Appearing this morning at the release of a new report on transportation’s role in fighting climate change, House transportation committee chairman Jim Oberstar (D-MN) challenged the Obama administration to back up their emissions rhetoric with action and pass his six-year, $450 billion infrastructure bill.

610x_1.jpgFTA’s Peter Rogoff (in hard hat) heard strong words from Rep. Oberstar today. (Photo: WP)

After U.S. DOT deputy secretary John Porcari and Federal Transit Administrator Peter Rogoff delivered laudatory remarks about the Moving Cooler report, a joint project of government agencies and environmental groups, Oberstar took the stage with pointed words for the two senior officials.

"They need to … catch up with the House" on transportation policy-making, Oberstar said of Porcari and Rogoff, who were sitting within spitting distance of the chairman.

"If you don’t pass our bill, you’re not going to get a head start on these strategies" for reducing the carbon footprint of the transportation sector, Oberstar told the White House aides.

He added: "The president gets it — the crowd around him doesn’t."

The White House continues to press for an 18-month postponement of the next long-term transportation bill, which Oberstar asserts could drag reform past the two-year mark and continue an inequitable system that favors new highway construction over transit. 

"When highway planners sit down to build a roadway," Oberstar said today, "they don’t go through the gymnastics of a cost-effectiveness index," as transit planners are currently required to do. "They sit down, get the money, and build a road."

Expanding transit, the House chairman concluded, is difficult "if you’ve got a millstone around your neck."

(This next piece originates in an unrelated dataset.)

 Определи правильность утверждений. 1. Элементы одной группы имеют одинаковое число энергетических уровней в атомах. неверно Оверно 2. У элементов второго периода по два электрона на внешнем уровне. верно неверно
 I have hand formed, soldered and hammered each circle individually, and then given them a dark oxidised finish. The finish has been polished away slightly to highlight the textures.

Yet the House bill has a millstone of its own obstructing movement: the lack of revenue to fund a doubling in new transit investment and other Oberstar priorities. As Rep. Earl Blumenauer (D-OR) acknowledged this morning, hiking the federal gas tax — which has remained at 18.4 cents per gallon since 1993 — will not be feasible until the recession dissipates.

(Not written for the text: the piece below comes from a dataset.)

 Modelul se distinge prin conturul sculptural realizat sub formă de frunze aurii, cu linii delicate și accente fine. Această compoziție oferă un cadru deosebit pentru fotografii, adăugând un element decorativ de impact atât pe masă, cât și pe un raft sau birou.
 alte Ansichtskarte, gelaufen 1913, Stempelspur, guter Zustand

"We are going to raise gas and diesel taxes sometime in the next decade," Blumenauer said, but "not while the economy is in freefall."

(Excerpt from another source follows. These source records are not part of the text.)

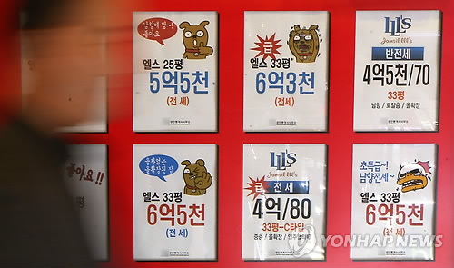 | △ 지난달 25일 서울의 한 부동산중개업소 아파트 전세매물 안내판의 모습. |
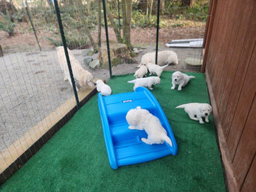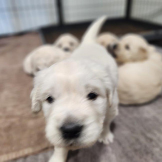 Pudgy tummies dominate our space, stubby thick legs, fat thick curly ears, bright wide eyes and little voices fill the air. These Sweet pups 'motors' have kicked in to a new higher gear this week. Determination flashes across their eyes as they whip their head sideways searching for a new direction. The will to pick up speed is apparent and the drive to do more and strive further is obvious.
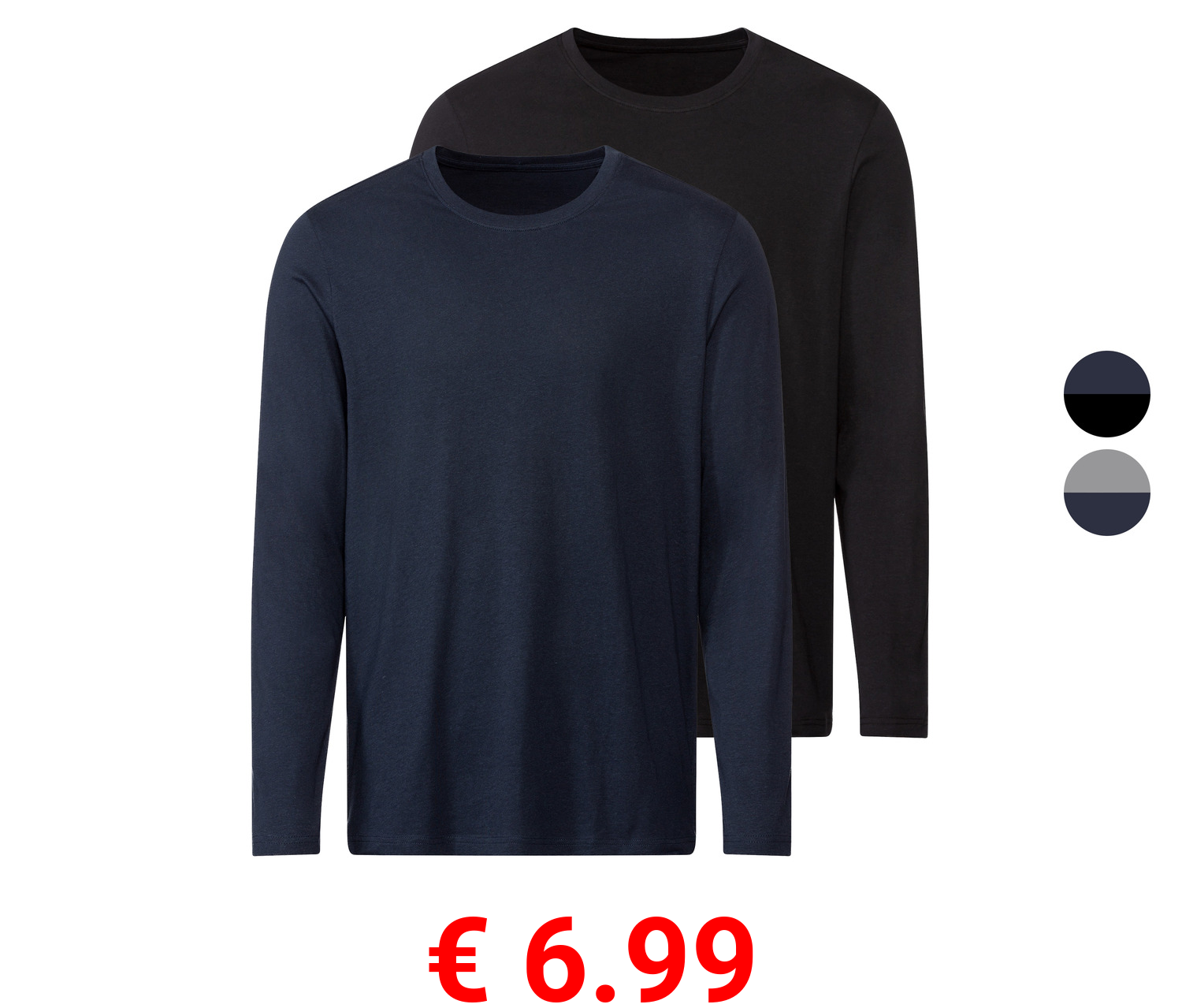 € 6.99 LIVERGY® Herren Langarmshirt, 2 Stück, mit Rundhalsausschnitt
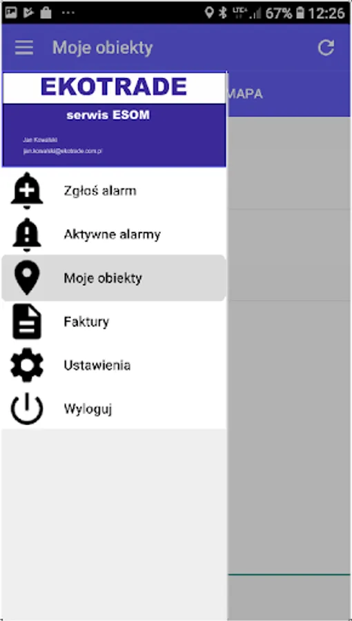 Mobile application for users of facilities monitored by EKOTRADE Sp. z o.o.
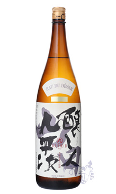 EAU DU DESIRとは「希望の水」という意味を持つ、醸し人九平次の代表銘柄。熟す直前の果実のニュアンスとエキゾチックなスパイスの香り、柑橘を少し絞ったような苦みのアクセント、味全体を下支えする酸味、幾重にも折り重なった味が余韻へと繋がります。取り扱ってくれている酒販店への恩返しのため、いつか世界の三ツ星レストランに醸し人九平次をオンリストさせてみせますと語り、2004年にフランスで実現。有言実行の本当に輝かしい造り手です。
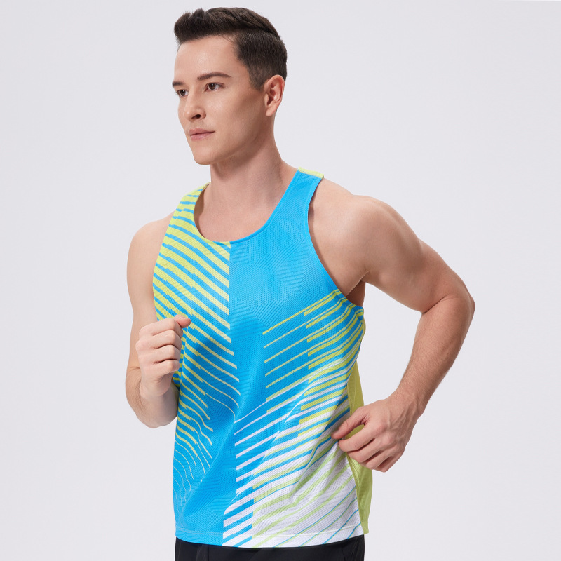 남성용 및 여성용 속건성 러닝 조끼, 가볍고 통기성이 뛰어난 마라톤 육상 경기복, 로고가 인쇄된 민소매 티셔츠
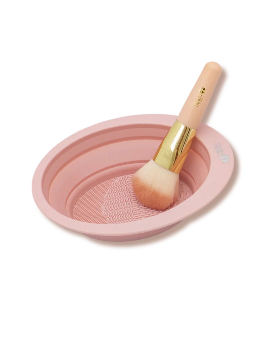 Hecho de silicona flexible con ventosas antideslizantes, esta herramienta hace que lavar tus brochas, esponjas y borlas sea rápido, fácil y hasta divertido.
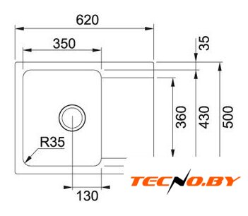врезная на столешницу, искусственный камень, размеры: 44x42 см, глубина чаши: 20 см, в шкаф шириной от 50 см
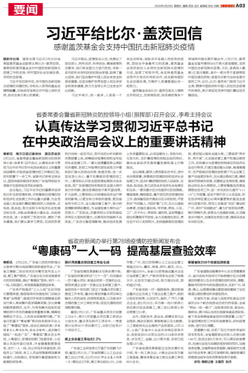 南都讯 南方日报记者徐林 通讯员岳宗 2月22日,省委常委会暨省新冠肺炎防控领导小组(指挥部)召开会议,认真传达学习贯彻习近平总书记在中央政治局会议上的重要讲话精神,听取我省疫情防控工作情况汇报,研究
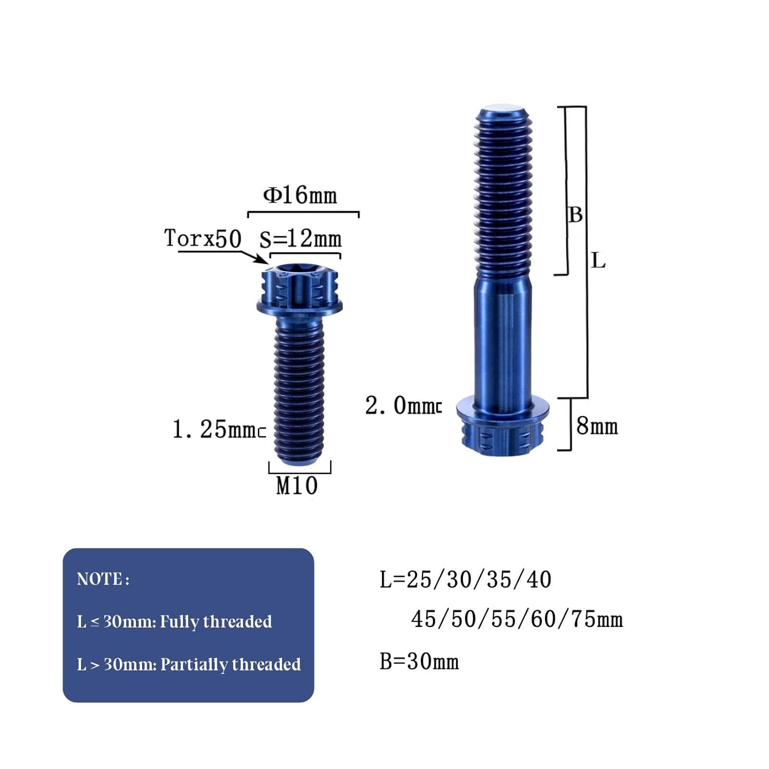 Titansmith Ti Bolts M10, Titanium Alloy Socket Allen Hex BoltAbout Us:Titansmith: 15+ years as a direct manufacturer of premium titanium fasteners for premier motorcycle racing teams. Our precision kits include application-specific bolts and nuts for engines, fairings, brake calipers, and critical components—enabling effortless upgrades for thousands of motorcycle models.Why Choose us?1. Internationally Certified: All our products meet or exceed critical ASME, ASTM, and ISO standards for performance and safety.2. Expert Technical Guidance: Our team provides support on material selection, torque specs, and application optimization for your specific build.3. 100% Rigorously Inspected: Every fasteners undergoes material certification, dimensional checks, and mechanical testing.4. Proven in Competition: Trusted by professional racing teams for extreme performance and reliability.Advantages of Titanium Bolts for Motorcycle/Bicycle Upgrades:1. Weight Reduction – Significantly lighter than steel, enhancing agility and speed.2. High Strength – Exceptional strength-to-weight ratio for improved performance and safety.3. Corrosion Resistance – Highly resistant to rust and chemicals, ensuring durability.4. Aesthetic Appeal – Premium metallic finish for a sleek, racing-inspired look.5. Long-Lasting Performance – Maintains integrity under extreme conditions and vibrations.Product Specification:Size: M10x20 25 30 35 40 45 50 55 70mmPitch: 1.25mm/1.5mmSurface:--- PVD Coating: Black, Golden, Rainbow Color--- Anodizing: Purple, Green, Blue Purple, Candy, Lake Blue, Anodizing Blue--- Burnt: burnt Blue--- Polishing: RawPackage includes:4 x Titanium BoltsTips: 1.If you have any questions, please feel free to contact us. We will reply you within 24 hours.2. The Customs Clearance Fee Shall Be Borne By the Buyer.

  • Why does the transit bill has to show revenues

    We need a sort of Transit Affirmative action bill: it has been left behind for too long.

  • Kommenos

    Now is exactly the time to peg the gas tax to inflation, given that there is little to no inflation right now, so it will have a negligible effect at least through the next inflation cycle. Hell, it couldn’t even be characterized as a tax hike by opponents if it were to be pegged, since there would be no immediate rise in the tax.

    When the economy is hot, inflation tends to be higher, and when it’s low, inflation tends to be lower.